By Phil Moss, Tax Partner
In an earlier blog piece, we mentioned the consultation on capital gains for non-UK residents which was announced by the Chancellor in his 2013 Autumn Statement. It’s now clear from the consultation document and feedback that the Government intends to introduce a capital gains tax on residential property gains only for non-UK resident owners. Unlike many other taxing jurisdictions, until recently the UK only imposed tax on capital gains made by UK residents or those trading in the UK. New charges were introduced for high value residential property held by both UK and non-UK companies from April 2013 and these included, for the first time, a capital gains tax charge in relation to affected properties at 28%.

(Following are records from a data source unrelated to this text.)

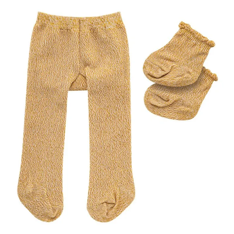 Flott strømpebukse og sokker i gull med snøfnugg i sølv fra Heless.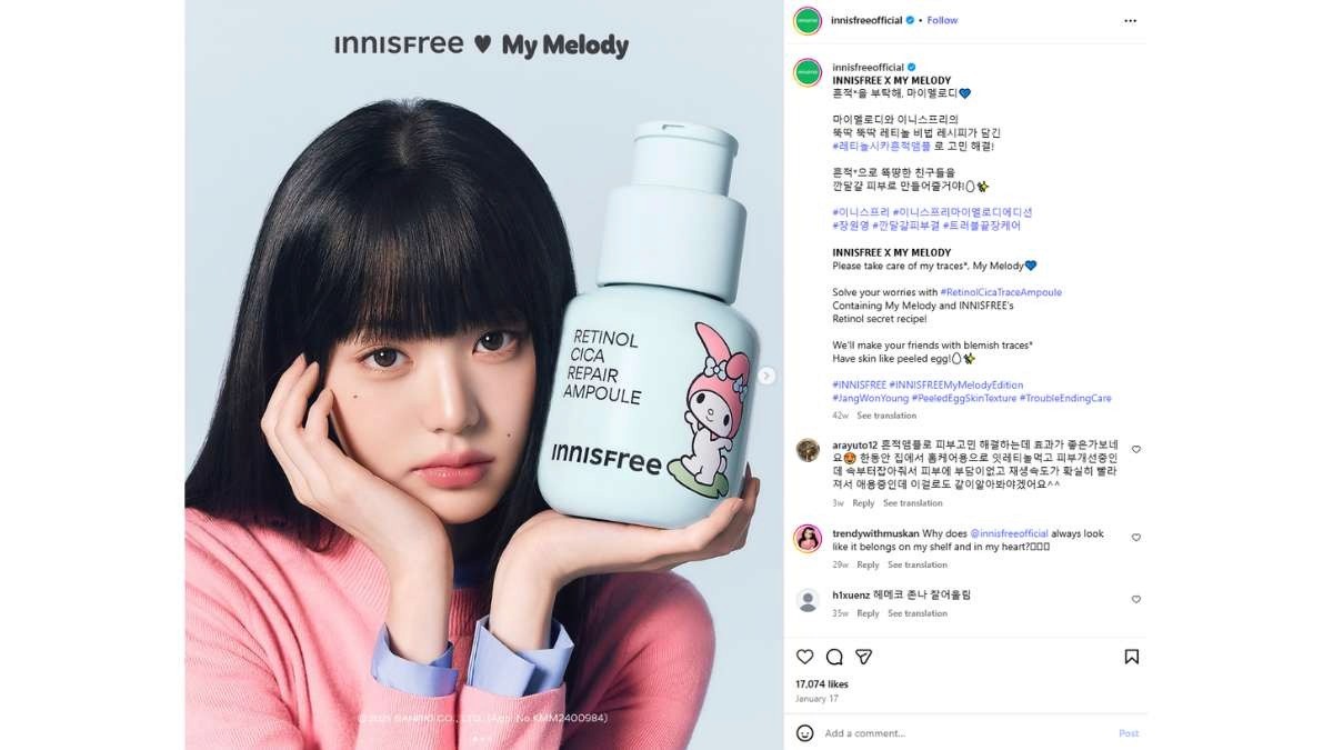 Innisfree also gained massive engagement through exciting brand collaborations. They teamed up with MyMelody, Disney, Looney Tunes, and even K-pop star Jang Wonyoung as the new brand ambassador. These collaborations added a fun, trendy touch to their brand image and kept followers excited for every new launch.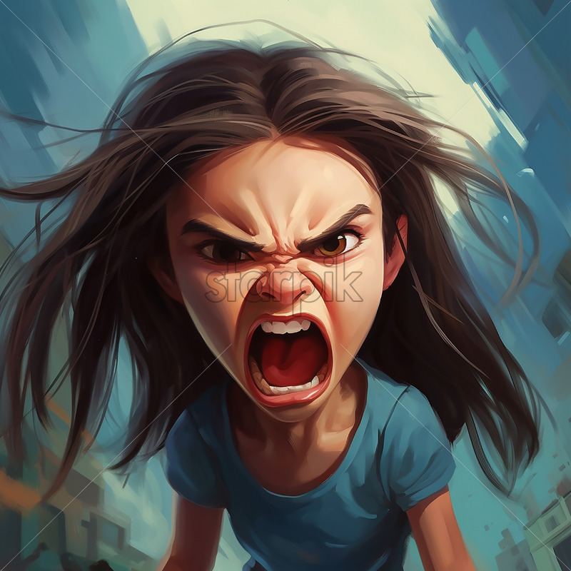 Generative AI the portrait of a 10-year-old girl who has a facial expression of amazement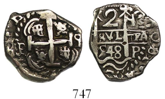 Potosi, Bolivia, cob 2 reales, 1748q. S-P50a; KM-38 ;CT-505. 6.52 grams. Choice full cross-lions-castles, nice but off-center full pillars-and-waves with bold date, two mintmarks and assayers, richly old-toned VF, excellent specimen for the period.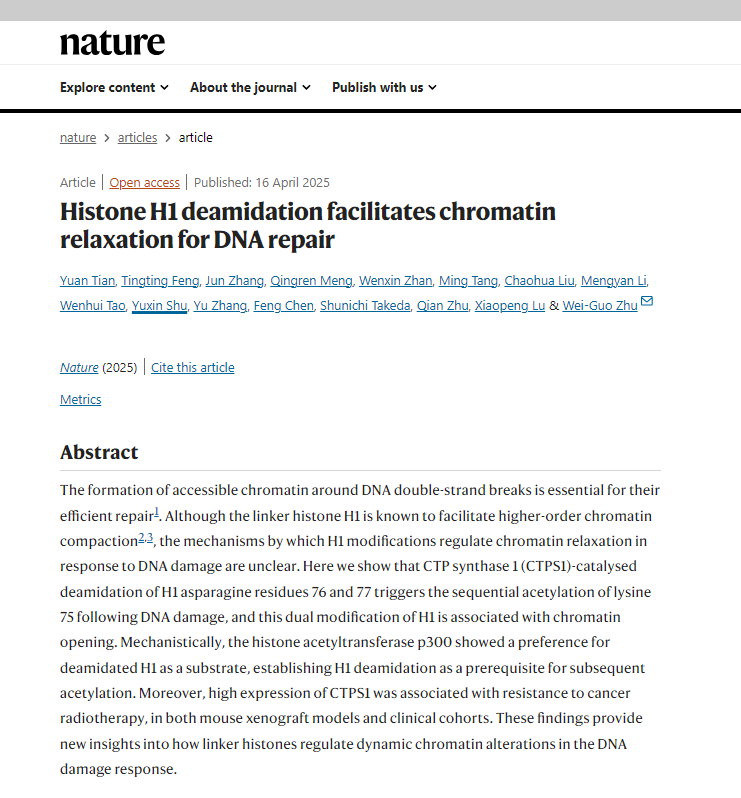 2025年4月16日,vsport医学部基础医学院及卡尔森国际肿瘤中心朱卫国教授团队在《自然》(Nature)杂志在线发表了题为“Histone H1 deamidation facilitates chromatin relaxation for DNA repair” 的研究论文,揭示了连接组蛋白H1脱酰胺化修饰(deamidation)促进染色质开放和DNA损伤修复的机制,为肿瘤放化疗的精准靶标设计夯实了理论基础,在肿瘤防治基础研究领域取得突破性进展。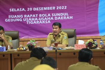 TIGARAKSA, (JT) - Sekretaris Daerah (Sekda) Kabupaten Tangerang Moch Maesyal Rasyid memimpin rapat koordinasi optimalisasi pajak reklame dan pajak lainnya seperti pajak parkir, hiburan, pajak restoran dan retribusi daerah. Acara tersebut dilakukan di Ruang Bola Sundul GUD, Selasa, (20/12/2022).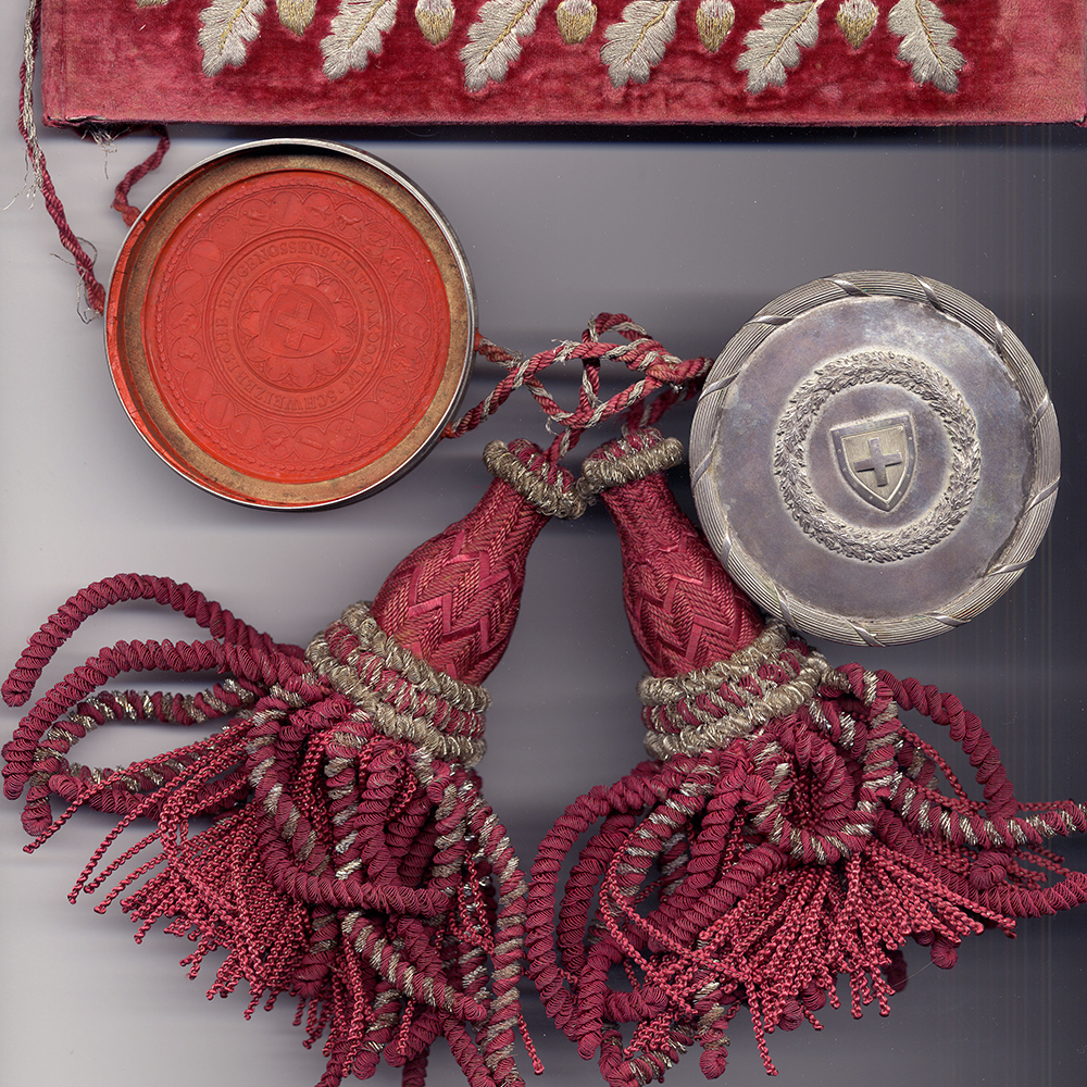 Description : Papier, bi-feuillet, 25x37.5 cm; texte français et allemand; sceau plaqué sous papier de la Confédération suisse.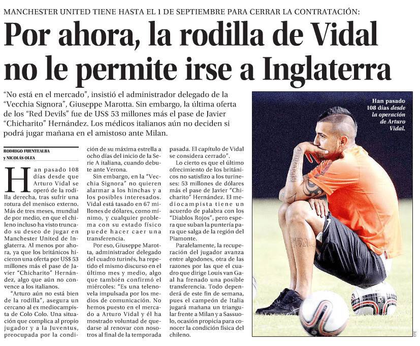 In Cile il quotidiano El Mercurio non ha dubbi. Il Manchester United ha presentato una nuova, ultima, offerta alla Juventus per Arturo Vidal. I red devils sarebbero pronti a mettere sul piatto 53 milioni di euro più il cartellino dell’attaccante messicano Hernandez. La Juventusm, ufficialmente, ha rifiututato l’ennesimo assalto del club inglese, ma secondo il giornale cileno i bianconeri vorrebbero in realtà prima valutare le condizioni del ginocchio del giocatore. E se il responso dei medici non dovesse essere del tutto positivo…Di seguito la foto dell’articolo.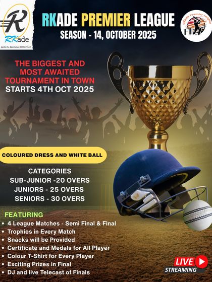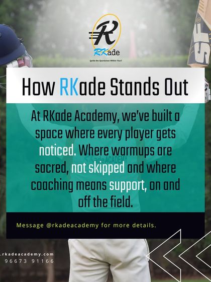 We’re a family-driven academy—togetherness is our thing. Started with just cricket, now RKade’s got kids smashing it in football, tennis, basketball, skating, karate too. Been at it since 2016, lots of sweat, lots of laughs, some media headlines, and maa kasam (I swear) – we don’t quit. Our students’ wins are our wins. My wife jokes she’s stuck with me, but honestly, I’m just here to make every kid feel unstoppable. Jai Maa Durga.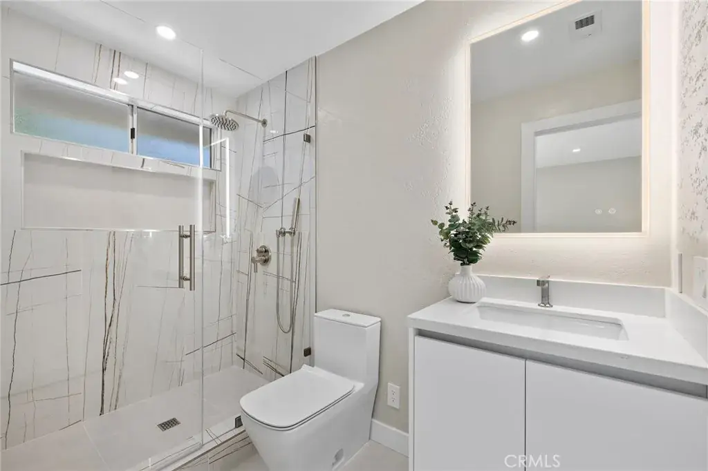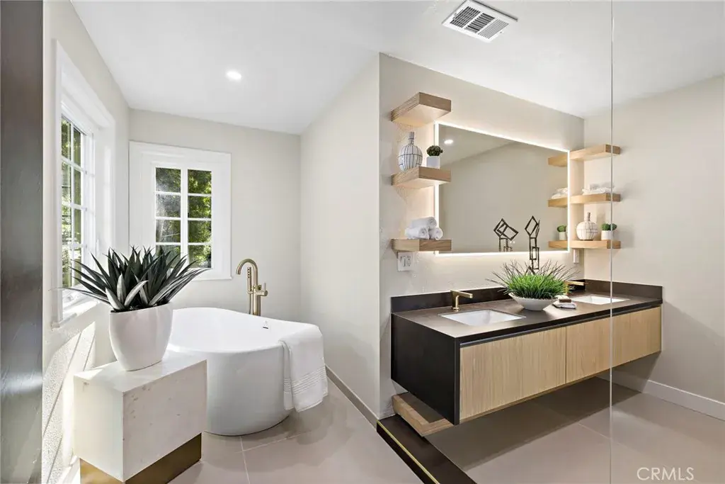 Welcome to this exquisitely renovated 4-bedroom, 4.5-bath residence in the coveted Village of Coto de Caza. This masterfully reimagined home showcases contemporary luxury living while maintaining the warmth and charm that defines this historic community. The home’s striking curb appeal features new landscaping with professional lighting, a designer driveway with modern concrete panels, and thoughtfully placed ambient lighting that creates an enchanting approach. An expertly terraced backyard with custom stone retaining walls, hanging egg chairs, and strategic lighting creates multiple outdoor living spaces perfect for both relaxation and entertaining. Step inside to discover a complete transformation where no detail has been overlooked. The gourmet kitchen stands as the heart of the home, boasting custom floor-to-ceiling modern cabinetry in light neutral tones, premium stone countertops, and a sleek center island with waterfall edges. High-end stainless steel appliances, including a Café built-in refrigerator, and designer pendant lighting complete this culinary haven, while open sight lines seamlessly connect to the dining and living areas. The primary suite offers a private sanctuary with vaulted ceilings and a private balcony. Its spa-inspired bathroom features a luxurious freestanding soaking tub, oversized glass shower, floating double vanity with designer lighting, and custom wood shelving with modern fixtures. The thoughtfully designed walk-in closets offer abundant storage with custom organization systems. No expense was spared in selecting premium finishes, from sophisticated brushed gold plumbing fixtures to high-end hardware and artfully curated lighting throughout. The attention to detail continues with new roof and windows, engineered hardwood flooring, custom millwork, and architectural details. Expansive French doors flood the interior with natural light while providing easy access to the outdoor living spaces. Located just minutes from the historic Old Coto Country Club and nestled in the picturesque rolling hills of Coto de Caza, this turnkey residence offers the perfect blend of luxury living and community charm. With designer touches and premium finishes too numerous to list, this stunning property is truly a must-see to appreciate the level of craftsmanship throughout. This is more than just a home; it’s an opportunity to be part of a community where lasting memories are made and traditions are cherished.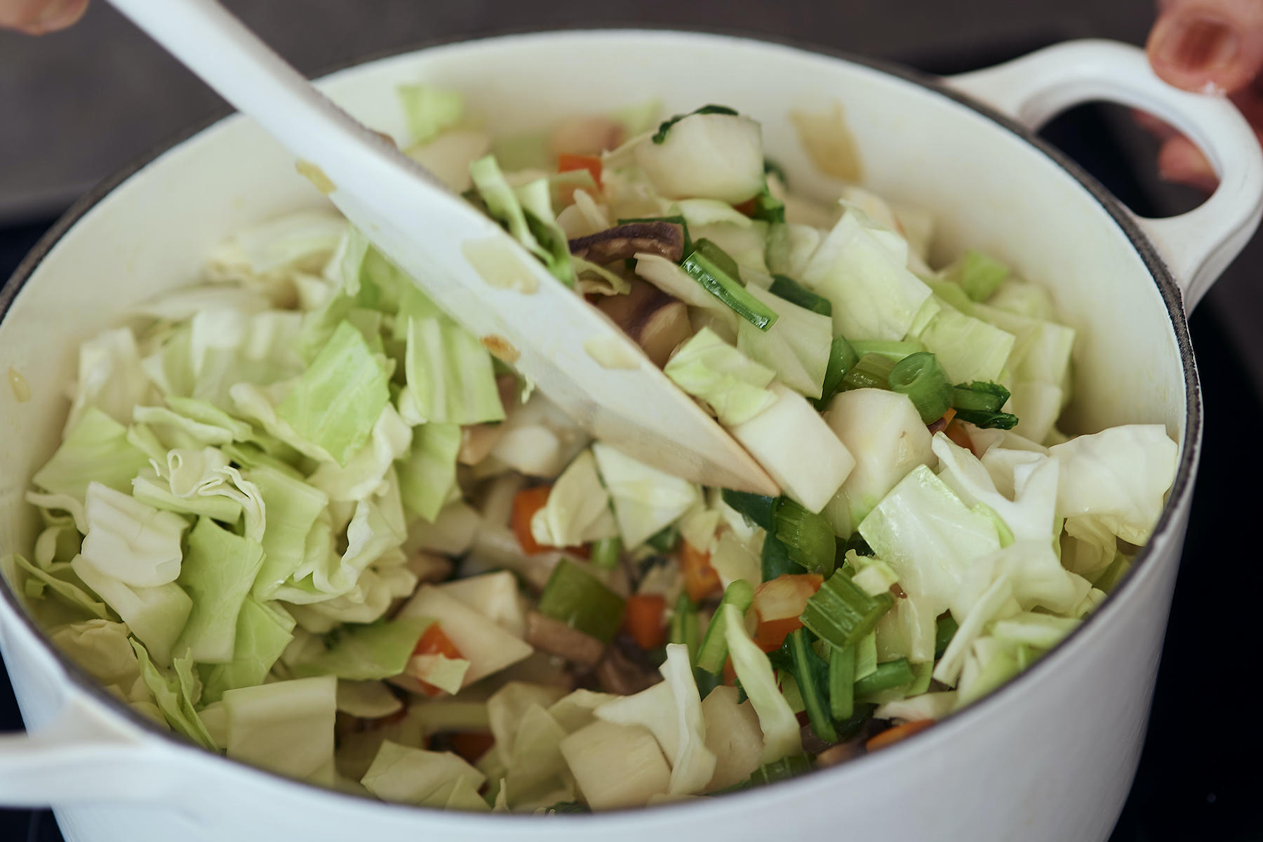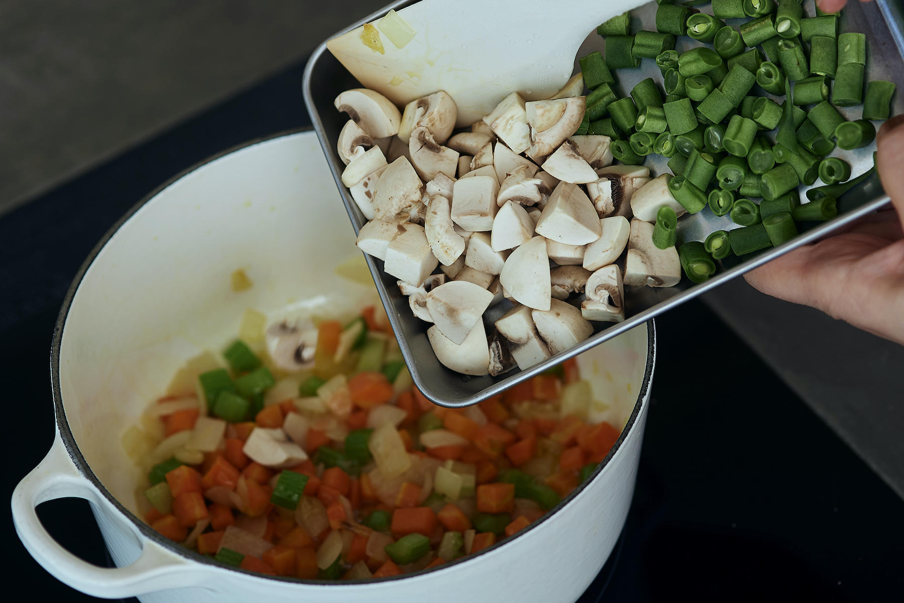 オリーブオイルをひいた鍋を中火で熱し、玉ねぎを入れて塩ひとつまみを加えて炒める。水分が出てきたら、にんじん、セロリを入れ、塩をひとつまみ足してさらに炒める。野菜の水分が足りなくなって焦げ付きそうなら、大さじ1ほどの水を加えて蒸すように炒める。にんにく、マッシュルーム、いんげん、かぶ、かぶの葉、キャベツの葉の順に鍋に足しながら炒める。都度、ひとつまみずつ塩を加える。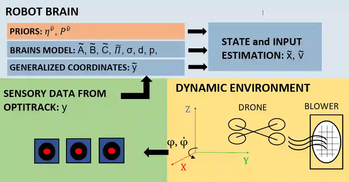 The free energy principle from neuroscience provides a brain-inspired perception scheme through a data-driven model learning algorithm called Dynamic Expectation Maximization (DEM). This paper aims at introducing an experimental design to provide the first experimental confirmation of the usefulness of DEM as a state and input estimator for real robots. Through a series of quadcopter flight experiments under unmodelled wind dynamics, we prove that DEM can leverage the information from colored noise for accurate state and input estimation through the use of generalized coordinates. We demonstrate the superior performance of DEM for state estimation under colored noise with respect to other benchmarks like State Augmentation, SMIKF and Kalman Filtering through its minimal estimation error. We demonstrate the similarities in the performance of DEM and Unknown Input Observer (UIO) for input estimation. The paper concludes by showing the influence of prior beliefs in shaping the accuracy-complexity trade-off during DEM's estimation.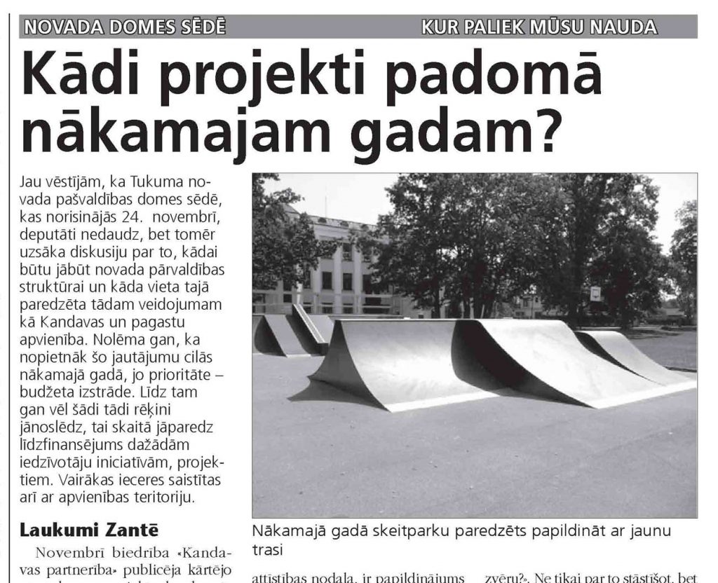 Vēl viens projekts, ko jau minētājā konkursā iesniegšanai gatavos attīstības nodaļa, ir papildinājums skeitparkam, kas atrodas iepretim jaunieši centram «Nagla», Zīļu ielā, Kandavā. Jāpiebilst, ka iepriekšējais projekts noslēdzās šī gada aprīlī, un tā ietvaros tika nomainītas esošās iekārtas, piemēram, rampas, kas jau bija savu nokalpojušas, kā arī papildus uzstādīt jauni objekti. Nu paredzēts izbūvēt vēl tā saukto «Pump truck» trasi, kas būtībā ir asfaltēts uzkalniņu un nogāžu celiņš, uz kura trenēties. Te kopējās izmaksas tiek lēstas 47 000 eiro apmērā, no kurām attiecināmās izmaksas jeb tā summa, kurai var prasīt ES fondu atbalstu, ir vien 15 000 eiro (atbalsts būtu 90% no šīs summas). Attiecīgi lielāko izdevumu daļu jeb 33 500 eiro, ko gan varētu precizēt pēc iepirkuma procedūras, jebkurā gadījumā nāktos segt pašvaldībai. Deputāti deva zaļos gaismu arī šim projektam, summu paredzot nākamā gada budžetā, un, kā nojaušams, komiteju sēdēs deputāti arī sprieduši, ko darīt, ja konkursā projekts akceptu tomēr negūst…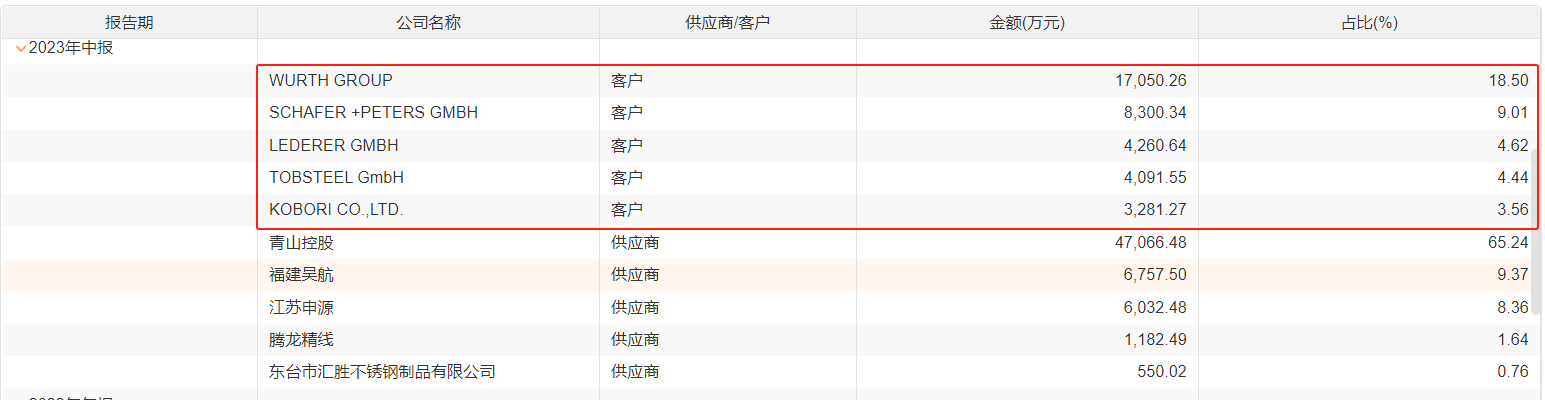 以2023年上半年其第一大客户Wurth Group为例,2023年上半年,该公司与Wurth Group交易发生额达1.71亿元。作为紧固材料行业的领导者, Wurth 是紧固件、化学品、安全产品、工具和库存管理解决方案的批发商,适用于汽车、化工、工具和众多其他应用。

Feedback on the Government’s consultative process was published at the end of July 2014 and shows that there are still some key unresolved issues surrounding the mechanics of payment of the tax by vendors who have no other link with HMRC in the UK. Lawyers in particular have been nervous at the prospect of having to withhold tax from non-resident vendors and a system of payments in advance has been proposed.
Another contentious issue concerns the position of taxpayers with more than one home. As is widely known, UK residents do not pay tax on their main residence and those with more than one property may lodge an election to claim that the relief will apply to one property in preference to another. Many non-UK residents holding UK residential property will have other residences abroad and so will live in their UK property on a part-time basis and, under the current rules, would be able to elect the UK property as their main residence.
The consultative document suggested that to offer the ability to elect the UK property for main residence relief in the same way as has historically been available to UK residents would defeat the object of the new capital gains tax: everyone would simply elect their UK property no matter how infrequently they occupied it. One suggestion was to abolish the main residence election completely, including for UK residents. However, the consultation feedback strongly favoured retention of the main residence election, possibly subject to qualifying criteria such as a minimum level of usage.
There remains an unanswered question concerning the interaction of the new non-residents’ CGT charge and the CGT introduced from April 2013 for high value property in companies (mentioned above). The government accepts that a company vendor should not be liable to both types of CGT but leaving both regimes in operation is likely to create heavy administrative burdens as taxpayers have to work out which regime applies to them. One possibility is that the new non-residents’ charge will supersede the 2013 regime in relation to gains.
Clearly there are lots of issues still to iron out before this new charge is in place. We expect draft legislation with the Autumn Statement but will be monitoring the situation in the period leading up to April 2015 when the new regime is expected to start.